Em dado momento da vida você escolhe ser artista e depois disso, não dá pra não ser mais. Quer dizer, até dá, se você também escolher não ser. E olha, eu ainda não escolhi isso, não. Não é exatamente a frequência com que você faz algo que vai te dizer se você não é aquilo. 

As pessoas usam termos como "afastado" (eu mesma usei aqui), mas quem sabe dizer se aquela pessoa se afastou mesmo? Eu não me afastei! Ele tá aqui coladinho, quando tô lendo um livro pensando que um dia poderia fazer uma peça sobre isso, quando tô vendo um filme e analisando o trabalho do ator. 

Claro, recapitulando o que eu disse, você não deixa de ser artista se por alguma circunstância fica um tempo sem praticar aquilo. Mas o que não quer dizer que isso não existe esforço e constância também. Ficar dois anos sem escrever me fez entender que eu não tinha deixado de ser escritora, mas que agora eu precisa agarrar isso com unhas e dentes esculpir meus desejos, algumas vezes a forma não vai vir na mente, você só tem a massa: sua vontade de eescrever e suas mãos, então é sentar e fazer.

Ficar dois anos sem atuar não me fez menos atriz, mas agora que eu sei que não quero viver sem isso, não posso mais estancar diante as recusas. E se for o caso, farei meus próprios projetos, dirigirei um dia meu próprio filme ou espetáculo.
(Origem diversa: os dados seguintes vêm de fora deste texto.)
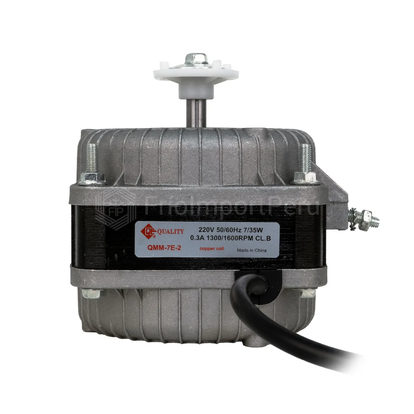 Motor de ventilador de 7 Watts marca Quality. Fuente de alimentación 220v 50/60Hz 0.5A 1300/1600RPM de velocidad. Incluye base y Aspa de Aluminio. Para uso en calefacción, ventilación, aire acondicionado y equipos de refrigeración y exhibidoras. Productos de alta calidad.

Me distanciei dos meus sonhos imersa em dúvidas e presa pelas negativas e traumas que tive, como se isso fosse mais importante do que o fato que eu quero ser atriz. E ninguém vai tirar isso de mim.

Então a primeira lição desse texto é: não deixe que ninguém te diga quem você é. A segunda é: você não precisa se medir pelo tempo do outro pra dizer que é algo. A terceira: se você não perdeu um encanto em fazer aquilo, mas não está de fato fazendo, não quer dizer que você parou. A quarta é: escritores - suem; atores - escrevam.